I have experienced all kinds of community. School community. Church community. College Community. Mom Community. Music Community. And now, Homeschool Community. I couldn’t do this without it.
I’ve probably mentioned this before, but 20-30 years ago, when I was school-aged, I knew about four homeschoolers. Today, in just my particular Nashville neighborhood, in our homeschool group alone, there are over 60 families. There are probably more–these are just the ones I know of.
Y’all, that is insane.
A couple of times a month, our homeschool association meets together for “Open Play.” We meet at a community center and the kids utilize the gym and game rooms, or play outside on the playground or in the woods.
This week, Mr. Bond and the Science Guys came back to the community center to host a science lesson and the girls were super excited. However, Sera was still sick and I realized at the last minute that I had to find a way to get Amelie to the group and let Sera rest at home. Josh called and told me that he needed to come home anyway, so I decided to pick him up so that he could stay home with Sera.

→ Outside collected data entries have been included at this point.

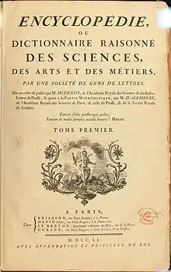 Дидро обладал широким и всесторонним образованием, солидными знаниями в области философии и естествознания, социальных наук, литературы, живописи, театра и т. п. Это позволило ему стать организатором и главным редактором «Энциклопедии», первый том которой вышел в 1751 году, и которая с перерывами издавалась в течение двадцати девяти лет. Дидро был автором большинства статей по точным наукам, экономике, механике, философии, политике, религии. Под его редакцией были созданы первые 28 из 35 томов «Энциклопедии» — 17 томов текста (6 тысяч статей) и 11 томов «гравюр» (иллюстраций к тексту), опубликованные между 1751 и 1766 годами.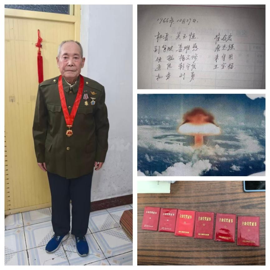 图1为吴玉恒荣获“光荣在党50年”纪念章时的照片;图2为1966年10月27日,吴玉恒在飞行日记上写下的穿越蘑菇云的两个机组人员名单;图3为核弹爆炸时的情景;图4为吴玉恒的立功证书。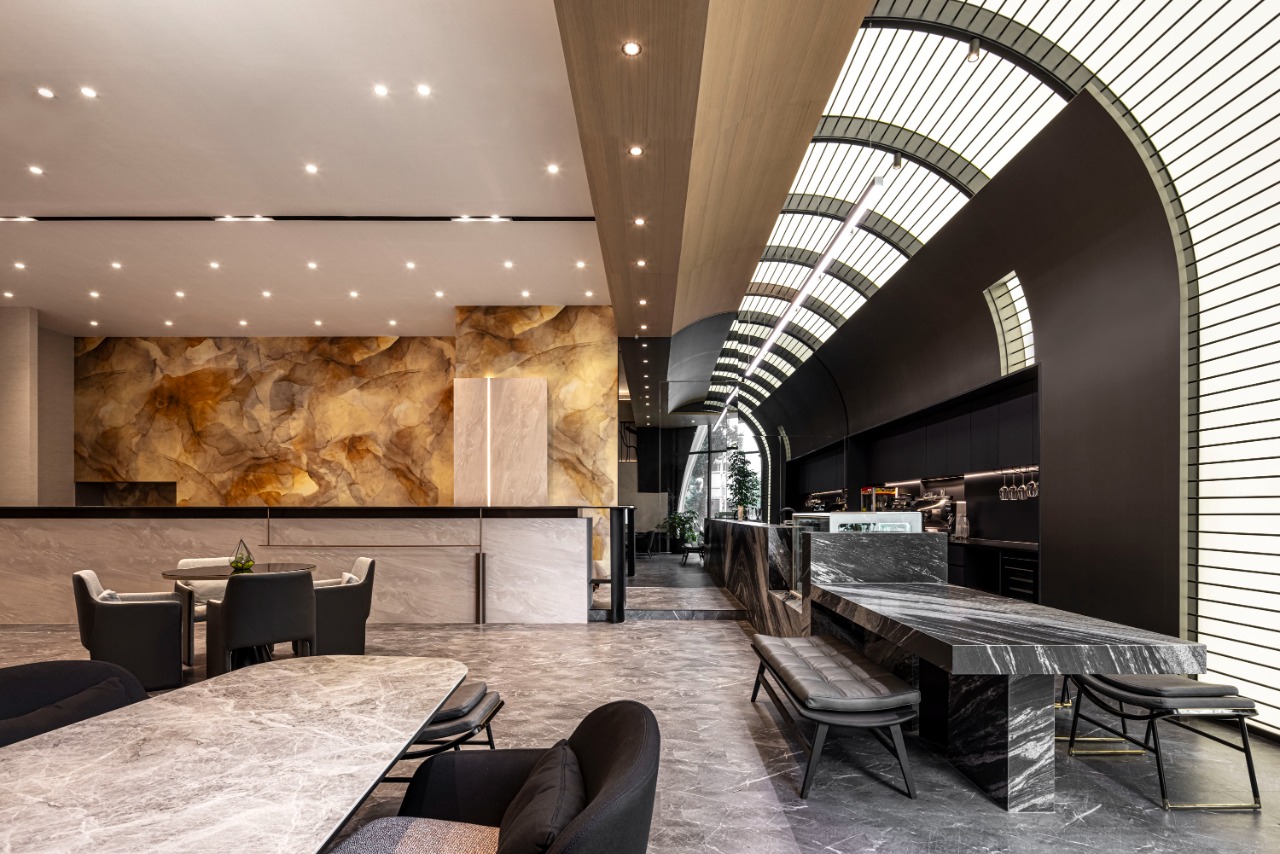 The interior design is characterized by gracefully curved white walls and ceilings, which beautifully merge with recessed and linear light strips that subtly illuminate the contours, thereby enhancing the sense of fluidity throughout the space. As you enter the first-floor lobby, you are greeted by a variety of thoughtfully arranged sofas that invite relaxation and conversation. The main wall behind the reception counter stands out as a captivating focal point, adorned with a striking yellow marble finish that commands attention.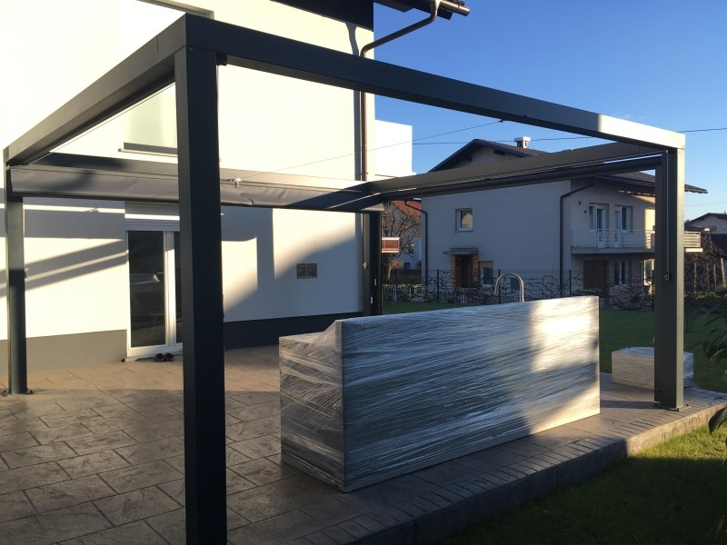 • Zložljivi nadstreški so primerni za tiste, ki imate radi prilagodljivost. Taki nadstreški se zložijo, ko jih več ne potrebujete in ponovno raztegnete, če želite zaščito pred soncem ali dežjem.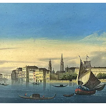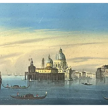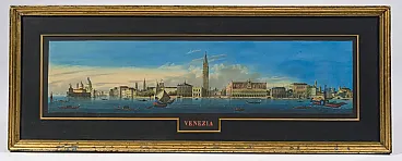Il dipinto si dispiega in un formato marcatamente orizzontale — quasi una striscia panoramica — e abbraccia l’intera veduta del Bacino di San Marco vista dall’acqua, secondo la prospettiva classica del vedutismo veneziano. A sinistra, la punta della Dogana e la cupola di Santa Maria della Salute dominano il profilo lagunare; al centro si innalza il Campanile di San Marco, affiancato dalle Procuratie, dal Palazzo Ducale con le sue arcate gotiche e dalla Zecca; verso destra la scena si apre su ulteriori edifici del fronte del Molo, fino a dissolversi nel bacino.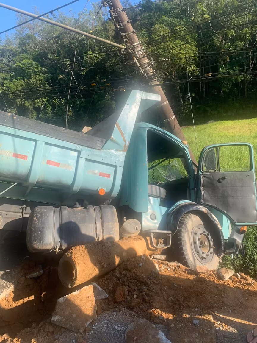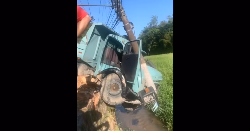 VÍDEO – Caminhão sai da pista e colide contra poste no Primeiro de Maio, em Brusque
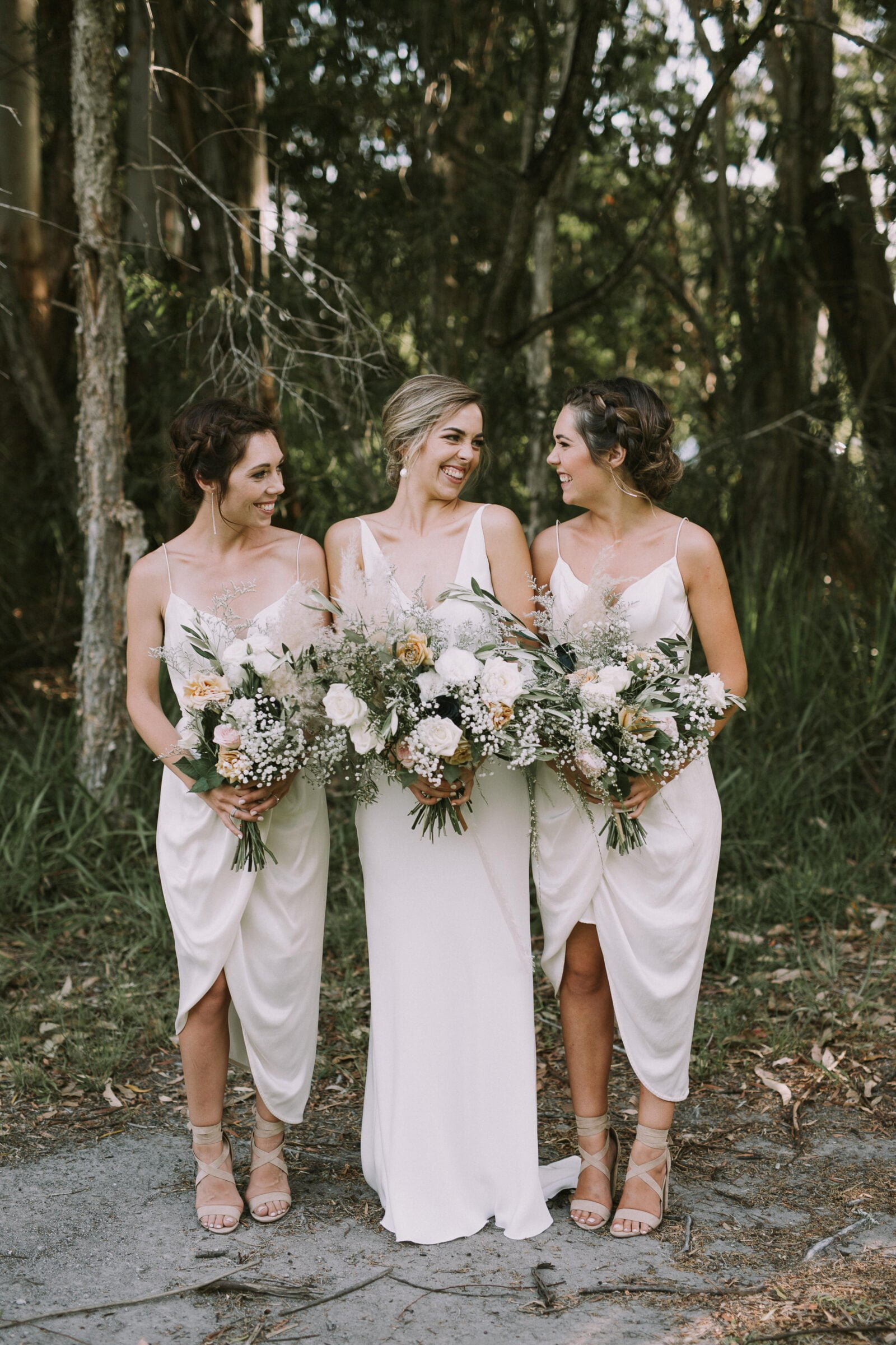 FAVOURITE DETAILS “The arbour was pretty magical. My florist had never done anything like it before, but I attempted to draw a rough picture along with a few Pinterest concepts and she absolutely blew me away. We were surrounded by timber on the property, so creating a soft, elegant timber-free arch completely from florals, foliage and pampas grass softened the feel of the whole environment. It was also portable so we could re-use it in the reception to frame the dance floor – she was a true creative genius!”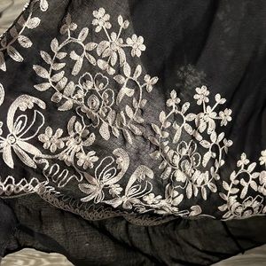 Gorgeous quality. Work once. Black with beautiful floral white stitching. Great over a tank for Summer. Can be worn with anything! One size fits all. Comes a little past the hip. Chic Soul is a plus size website so please keep that in mind.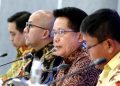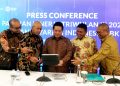 Direktur Utama BSI Hery Gunardi (tengah), didampingi Direktur Risk Management Grandis Helmi Harumansyah (kiri), Direktur Finance & Strategy Ade Cahyo Nugroho (dua dari kiri), Wakil Direktur Utama Bob T.Ananta (empat dari kiri), Direktur Teknologi Informasi Saladin D.Effendi (paling kanan). Berbincang Usai Paparan Kinerja BSI di Jakarta, Selasa (31/10). PT Bank Syariah Indonesia Tbk (BSI) berhasil menjaga kinerja yang solid hingga kuartal III/2023 dan berhasil mencetak laba yakni Rp4,20 Triliun tumbuh 31,04%.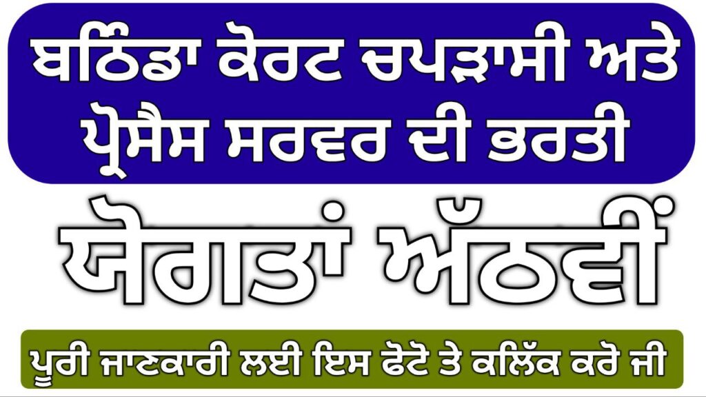 Bathinda Court Peon Process Server Vacancy 2024

As I hung up with Josh, I realized that I had confused the start time of the science show, and that it was beginning in just 5 minutes. I would not have time to pick up Josh before. I rushed to the community center and told Sera to wait in the car. I ran Amelie in, a bit frantic about how everything would work out.
As I walked back through the lobby I just felt total peace–because there in front of me stood about a dozen moms who I knew I could ask to keep an eye on Amelie while I was gone, and who I knew I could trust. I didn’t feel bad asking for help, because I knew I would do the same for them.
I realized in the car that I still had bright yellow cheese powder on my cheek from hastily preparing mac and cheese before we ran out the door. I laughed, and then warmed at the thought of my loving, non-judging, helpful community.
When I got back to the community center after dropping Josh and Sera off at home, I hastily took a seat in the circle of mamas sitting in the lobby and drew a deep breath. Josh and I had received some unsettling news, and when a friend asked how I was, I knew that it was a safe place to be honest–to tell this group of moms that honestly, things were kind of crappy. They listened, they offered sympathy, and then they made me laugh. I mean, the laugh-until-you-cry kind of laugh.
In the beginning of the year, I assumed that “Open Play” would be primarily for letting the girls socialize. To let them build a community of friends among themselves. I’m a bit of an introvert when it comes to meeting new people, and sometimes I wish I could wait in the car and read a book while the girls explore the woods. But as the Fridays pile up, I realize that it is not just the girls who need community, it’s me too.
And the best part? If I really needed to sit in the car and read a book (or take a nap, or use the mirror to wipe the yellow cheese powder from my cheek) I know these mamas wouldn’t judge me for a second.